In article <rqSdnUF4HLBJV_zBnZ2dnUU7-c-dnZ2d@giganews.com>,
spam@flippers.com says...
 
> Hmm, voice control would be a fun option... "Siri, pass me the
> soldering iron please?"
 
"No, the other end..."
 
Mike.
John Robertson <spam@flippers.com>: Feb 11 01:26PM -0800

On 2019/02/11 11:55 a.m., Mike Coon wrote:
>> soldering iron please?"
 
> "No, the other end..."
 
> Mike.
 
It would depend if you are being polite or not...if you don't say
'please' you get the warm pointy end.
 
John :-#)#
Jeff Liebermann <jeffl@cruzio.com>: Feb 11 05:57PM -0800

On Mon, 11 Feb 2019 11:19:47 -0800, John Robertson <spam@flippers.com>
wrote:
 
>Hmm, voice control would be a fun option... "Siri, pass me the soldering
>iron please?"
 
An acquaintance has Parkinson's. His hands shake rather badly.

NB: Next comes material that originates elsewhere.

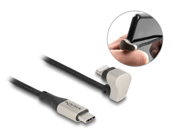 Delock USB 2.0-Kabel 180 Grad gewinkelt USB C - Lightning 1 m / zu Lightning, gewinkelt, 1m, MFi / Thema: USB-Kabel

Someone built him a pair of robot arms for manipulating things. The
input devices are two large joysticks and some big buttons. The
computer is programmed to ignore high frequency shaking and sudden
moves, and only respond to low frequency, slow movements, which
removes most of the shaking. I found it rather tricky to use, but
suspect that I could learn with a little practice.
 
I think you'll find that the joystick or virtual reality glove are
better ways to do this. As I recall, it's called a "Waldo".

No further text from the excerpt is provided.